### [TASK DIRECTIONS]
Print nothing but the lines from the start of the listing below through the line that contains "COB小間距顯示屏由于是直接". Do not include the pictures.
*** GIVEN RECORDS Section Begins ***
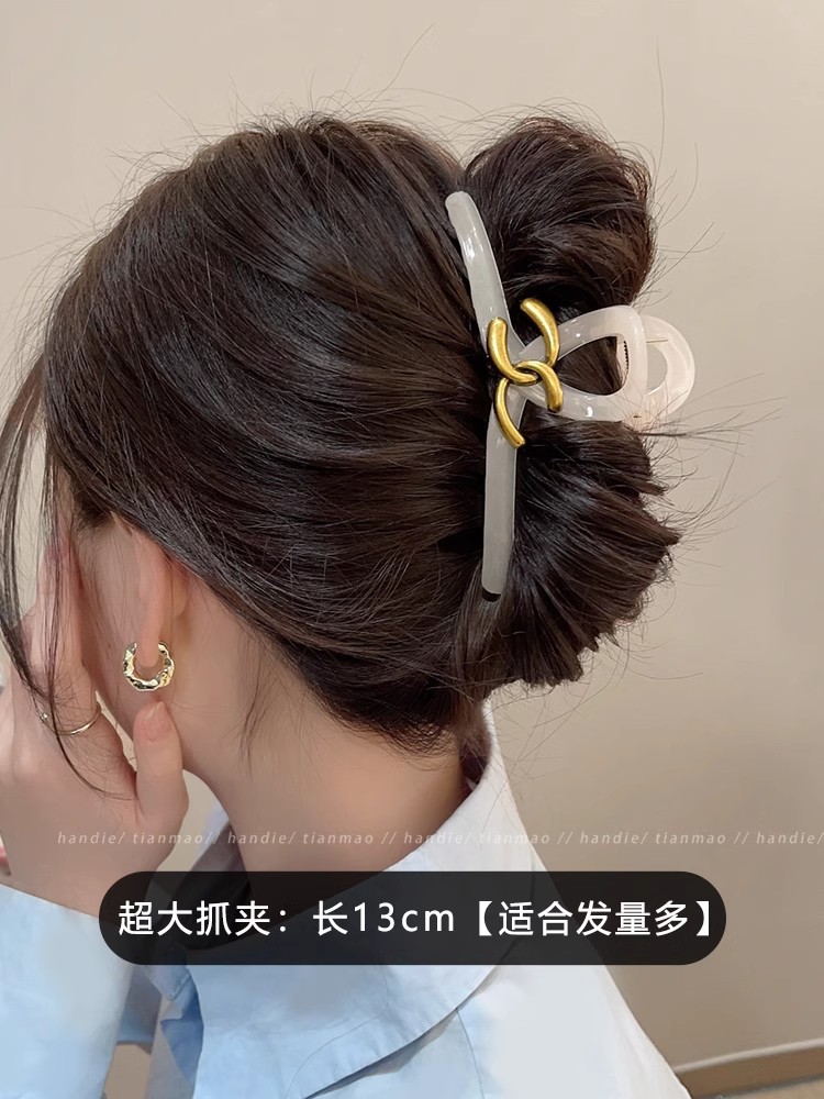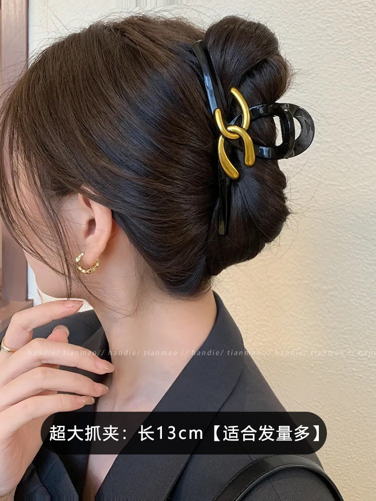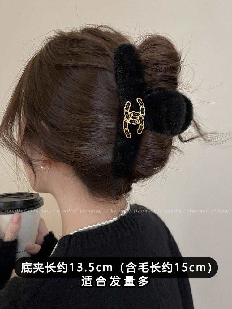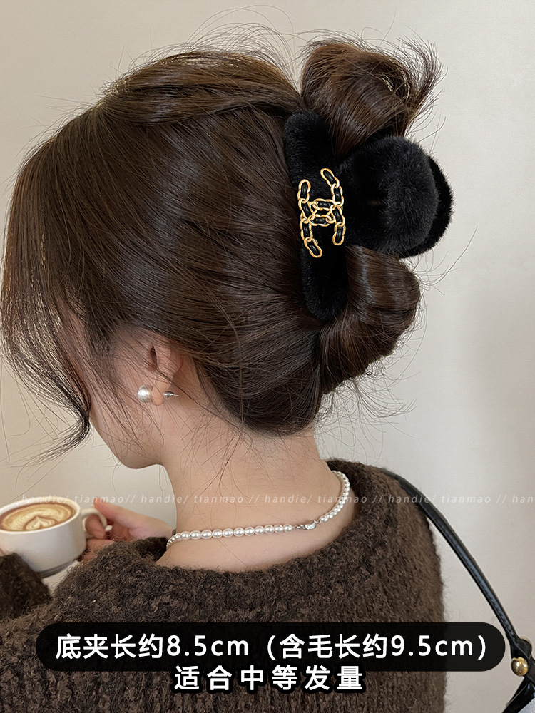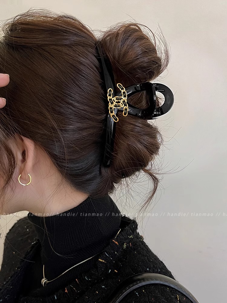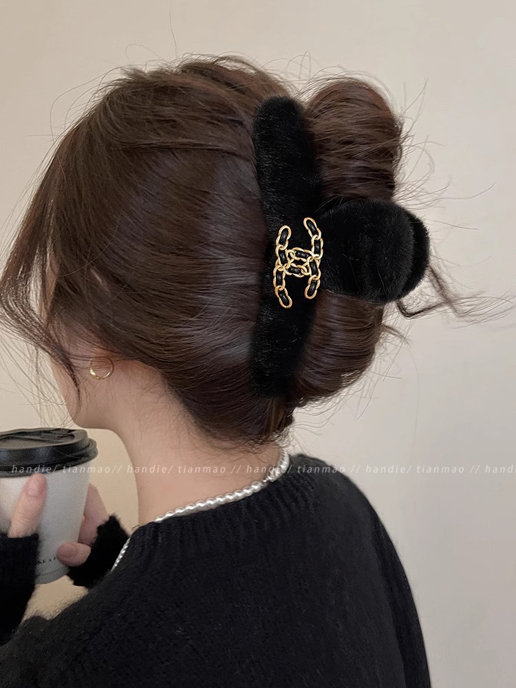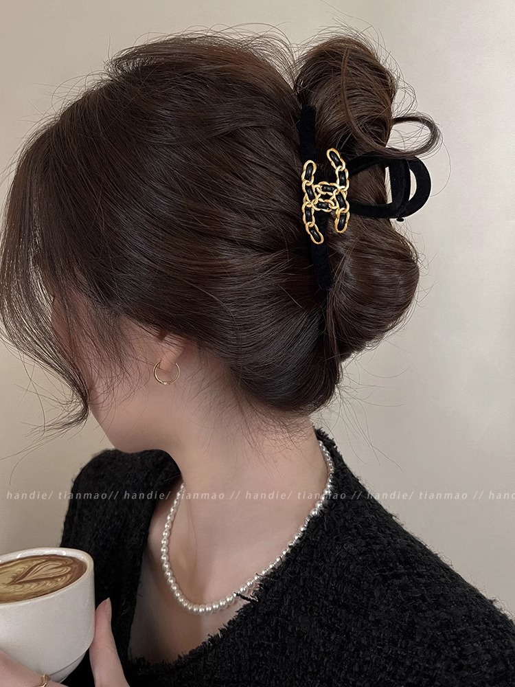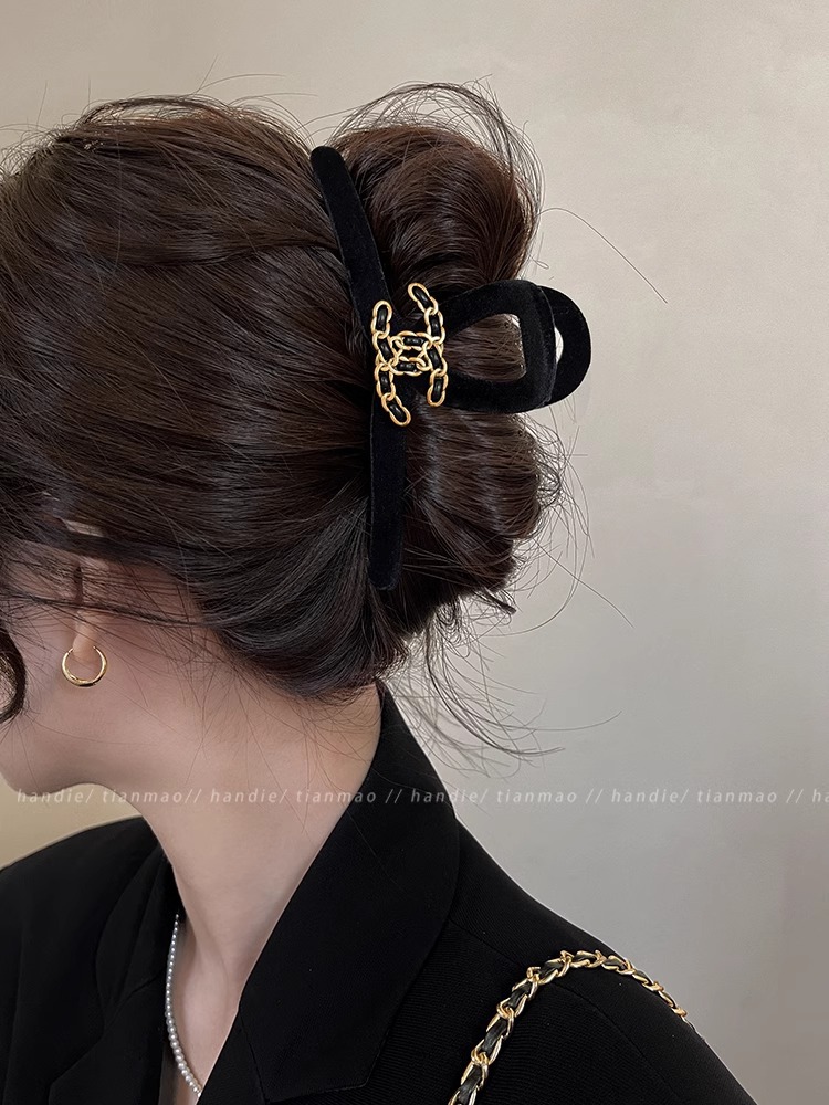 가벼운 럭셔리 샤넬 스타일 잡아 클립 여성용 2024 새로운 가을과 겨울 하이 엔드 블랙 상어 클립 헤어 클립 헤어 액세서리스토어 가기
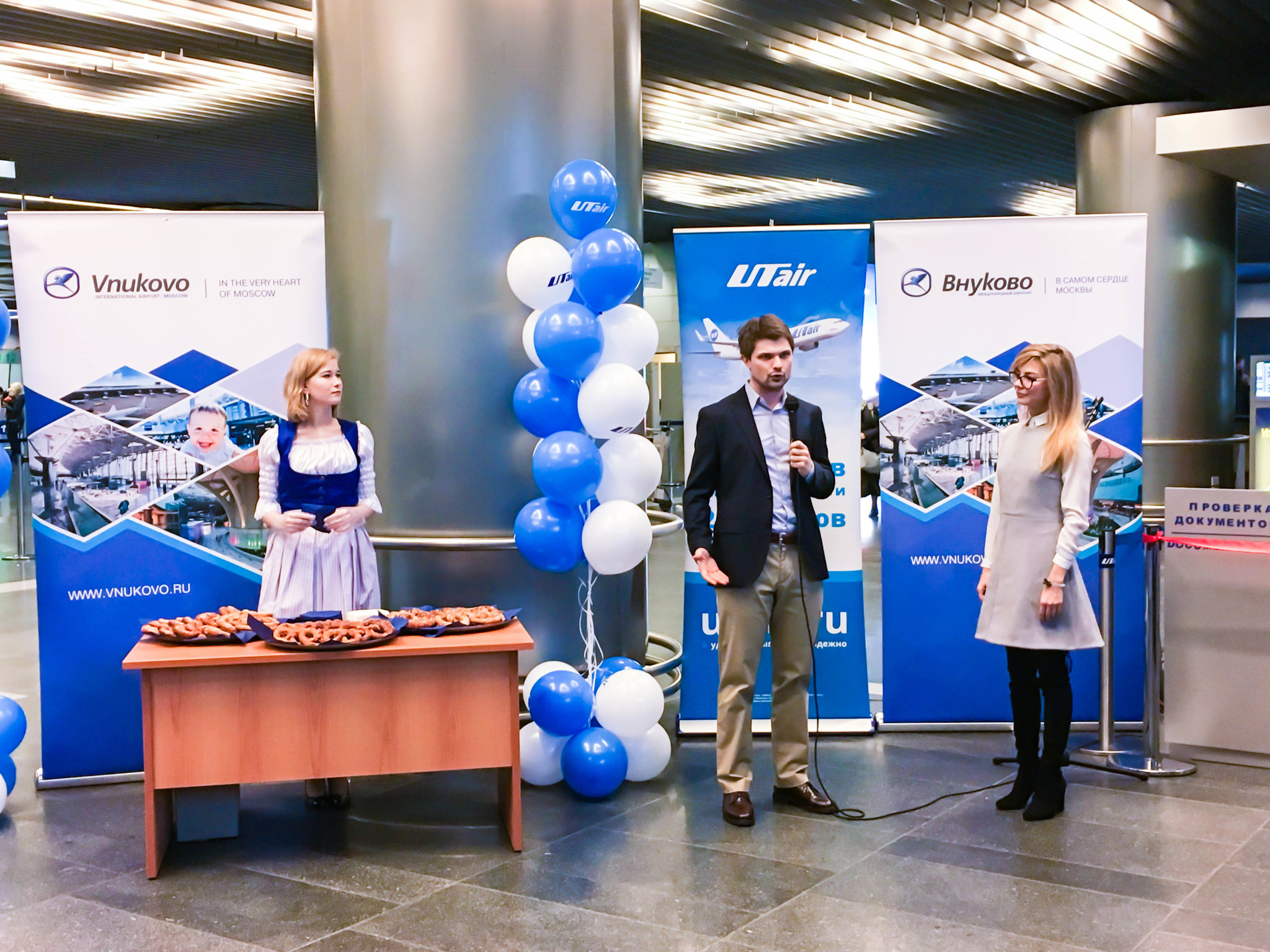 В честь торжественного открытия нового направления пассажиров первого рейса ждали приятные сюрпризы – национальные баварские угощения и карты бонусной программы UTair STATUS уровня SILVER. При этом первым 5 путешественникам, купившим билеты на рейс Москва – Мюнхен, авиакомпания вручила карты уровня GOLD. Кроме того, первый пассажир, зарегистрировавшийся на рейс, получил набор памятных подарков от Международного аэропорта Внуково.
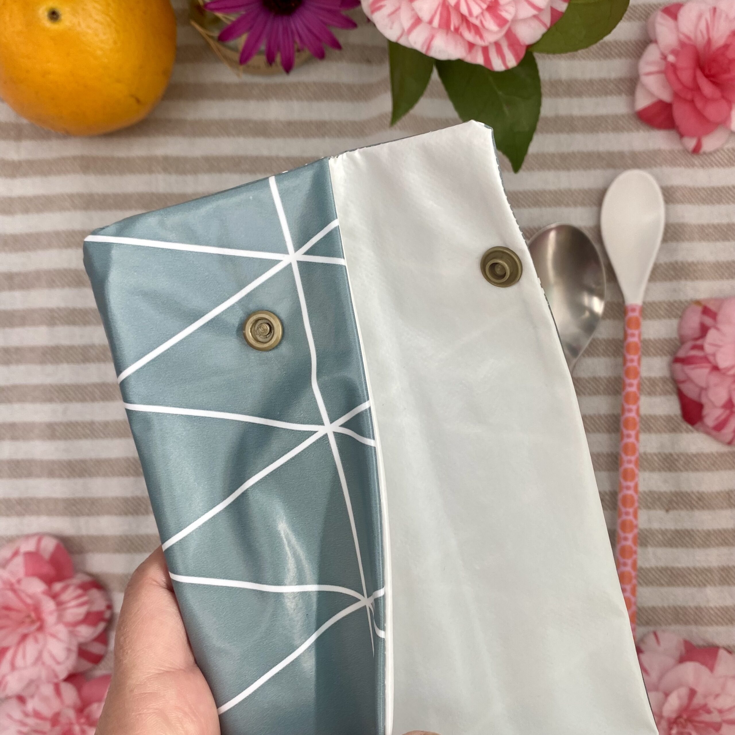 Aussen hat die Bestecktasche eine beschichtete Baumwolle und innen ist sie mit einem Wachstuch ausgestattet.
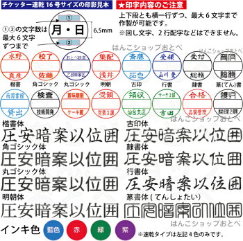 ●印面サイズ:16ミリ(印面乾燥を防ぐロック機構、及びパンチ穴機構付き) ●書体:8書体【楷書、行書、隷書、古印、明朝、角ゴシック、丸ゴシック、篆(てん)書】 ●インキ:4色【青(藍色)・赤・緑・紫】・油性染料系【インキ型番Y-72(品番XQR-6N)】※補充インキは シャチハタ チケッター 速乾性タイプ専用 補充インキ【インキ型番Y-72(品番XQR-6N)】です。
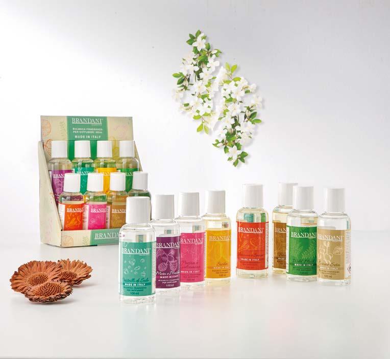 Cotone e seta, muschio bianco, fresia e gelsomino, sandalo, arancia... Brandani propone tantissime essenze, da quelle più romantiche a quelle più speziate, nei pratici flaconi di ricarica, da 100 ml. Per creare atmosfere sempre diverse, giocando con i diffusori d’ambiente.
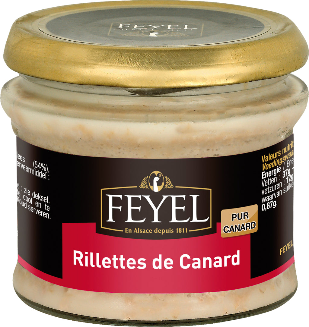Entenfleisch, Entenfett, Wasser, gebratene Zwiebel (Zwiebel, Sonnenblumenöl), Pfeffer, Salz, Thymian, Knoblauch
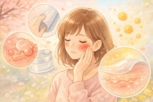 でも春の肌荒れは、あなたの努力不足ではなく、春の環境(花粉・摩擦・乾燥)が重なって起きやすい“季節の反応”であることが多いのです。
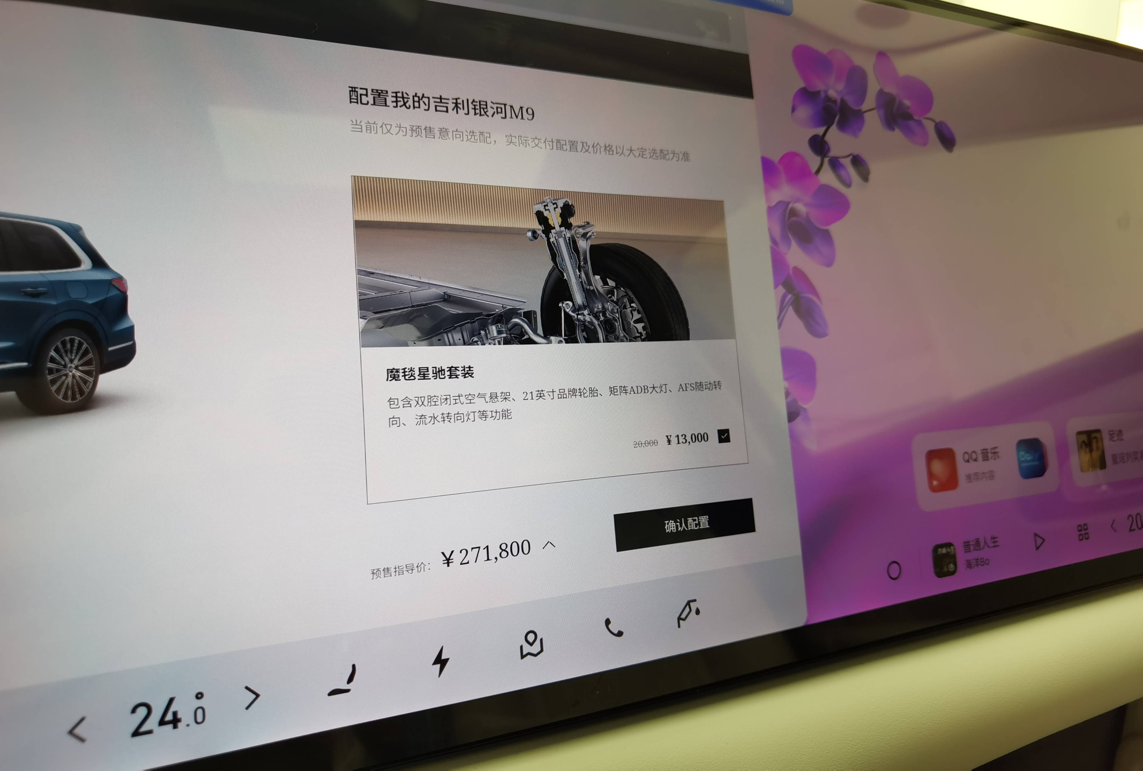 银河M9 预售价格出来后,讨论非常热烈。19.38 万起的预售价,很香!但一看配置表大伙就忍不住了:这车除了顶配,其他版本可以推沟里了!海报上看到的配置,如21英寸轮毂、矩阵大灯、双腔空悬、冰箱彩电大沙发等等,都堆到顶配或次顶配车型上,还要选配才有,一看价格都到 27 万去了!难怪有网友说,要不看看隔壁的蓝山,或者钛 7 吧!
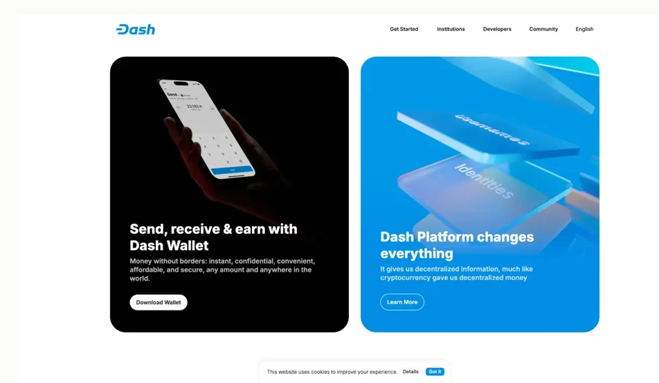 The Dash payments app website is a static website that looks simple but offers a dynamic experience.
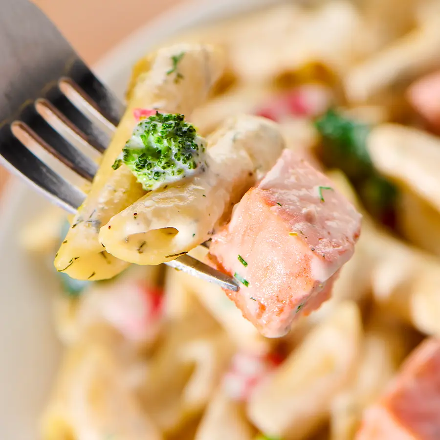 Tender salmon, penne pasta, and crisp veggies are tossed in a creamy lemon dill sauce that’s fresh and full of flavor. It’s a bright dish that feels special any time.
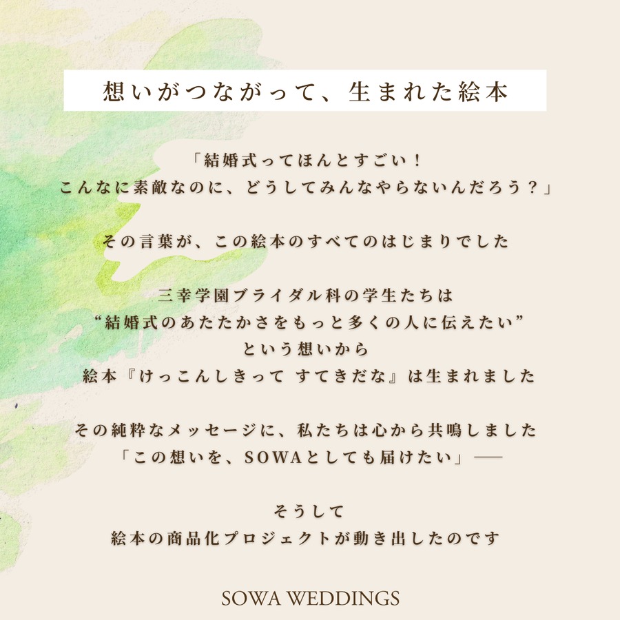 小さなお子さまへ“結婚式の幸せ”を届ける、SOWA WEDDINGSオリジナル絵本が誕生しました。読み聞かせを通じて、結婚式の楽しさや幸せを自然に感じられる一冊。ページをめくるたび、やさしいイラストと物語が広がり、小さな心がワクワクと弾みます。
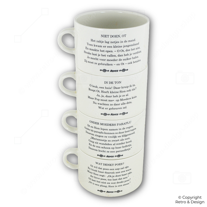 Es handelt sich um ein Set aus vier verschiedenen Ot en Sien-Suppenschalen, jede mit originalen Kinder-Gedichten, entstanden aus einer Zusammenarbeit zwischen Villeroy & Boch und Royco.
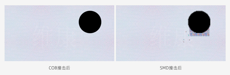 COB小間距顯示屏由于是直接把芯片封裝在了PCB基板上,在表面使用的環(huán)氧樹脂封裝,所以表面更加耐磨防撞,防塵防水,如下圖所示,在受到撞擊后,COB小間距顯示屏不會掉燈,而傳統(tǒng)的SMD表貼式LED屏則非常容易掉燈。
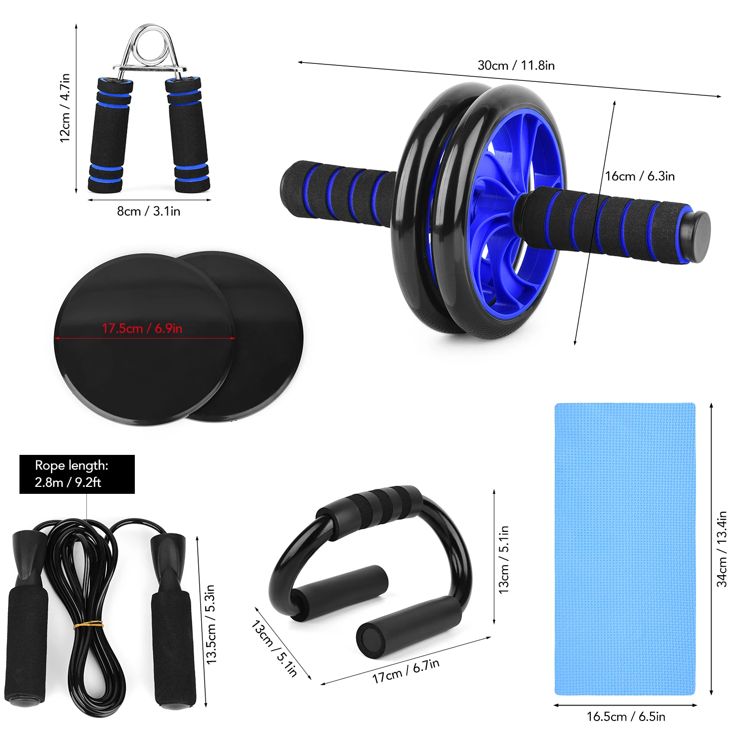 8 шт. набор для фитнеса: поставляются с 1 роликовым колесом, 1 наколенником, 1 скакалка, 1 ручной захват, 2 дисковых ползунка и 2 пуш-ап планки.
*** GIVEN RECORDS Section Ends ***
### [ANSWER SPACE]
 가벼운 럭셔리 샤넬 스타일 잡아 클립 여성용 2024 새로운 가을과 겨울 하이 엔드 블랙 상어 클립 헤어 클립 헤어 액세서리스토어 가기
 В честь торжественного открытия нового направления пассажиров первого рейса ждали приятные сюрпризы – национальные баварские угощения и карты бонусной программы UTair STATUS уровня SILVER. При этом первым 5 путешественникам, купившим билеты на рейс Москва – Мюнхен, авиакомпания вручила карты уровня GOLD. Кроме того, первый пассажир, зарегистрировавшийся на рейс, получил набор памятных подарков от Международного аэропорта Внуково.
 Aussen hat die Bestecktasche eine beschichtete Baumwolle und innen ist sie mit einem Wachstuch ausgestattet.
 ●印面サイズ:16ミリ(印面乾燥を防ぐロック機構、及びパンチ穴機構付き) ●書体:8書体【楷書、行書、隷書、古印、明朝、角ゴシック、丸ゴシック、篆(てん)書】 ●インキ:4色【青(藍色)・赤・緑・紫】・油性染料系【インキ型番Y-72(品番XQR-6N)】※補充インキは シャチハタ チケッター 速乾性タイプ専用 補充インキ【インキ型番Y-72(品番XQR-6N)】です。
 Cotone e seta, muschio bianco, fresia e gelsomino, sandalo, arancia... Brandani propone tantissime essenze, da quelle più romantiche a quelle più speziate, nei pratici flaconi di ricarica, da 100 ml. Per creare atmosfere sempre diverse, giocando con i diffusori d’ambiente.
Entenfleisch, Entenfett, Wasser, gebratene Zwiebel (Zwiebel, Sonnenblumenöl), Pfeffer, Salz, Thymian, Knoblauch
 でも春の肌荒れは、あなたの努力不足ではなく、春の環境(花粉・摩擦・乾燥)が重なって起きやすい“季節の反応”であることが多いのです。
 银河M9 预售价格出来后,讨论非常热烈。19.38 万起的预售价,很香!但一看配置表大伙就忍不住了:这车除了顶配,其他版本可以推沟里了!海报上看到的配置,如21英寸轮毂、矩阵大灯、双腔空悬、冰箱彩电大沙发等等,都堆到顶配或次顶配车型上,还要选配才有,一看价格都到 27 万去了!难怪有网友说,要不看看隔壁的蓝山,或者钛 7 吧!
 The Dash payments app website is a static website that looks simple but offers a dynamic experience.
 Tender salmon, penne pasta, and crisp veggies are tossed in a creamy lemon dill sauce that’s fresh and full of flavor. It’s a bright dish that feels special any time.
 小さなお子さまへ“結婚式の幸せ”を届ける、SOWA WEDDINGSオリジナル絵本が誕生しました。読み聞かせを通じて、結婚式の楽しさや幸せを自然に感じられる一冊。ページをめくるたび、やさしいイラストと物語が広がり、小さな心がワクワクと弾みます。
 Es handelt sich um ein Set aus vier verschiedenen Ot en Sien-Suppenschalen, jede mit originalen Kinder-Gedichten, entstanden aus einer Zusammenarbeit zwischen Villeroy & Boch und Royco.
 COB小間距顯示屏由于是直接把芯片封裝在了PCB基板上,在表面使用的環(huán)氧樹脂封裝,所以表面更加耐磨防撞,防塵防水,如下圖所示,在受到撞擊后,COB小間距顯示屏不會掉燈,而傳統(tǒng)的SMD表貼式LED屏則非常容易掉燈。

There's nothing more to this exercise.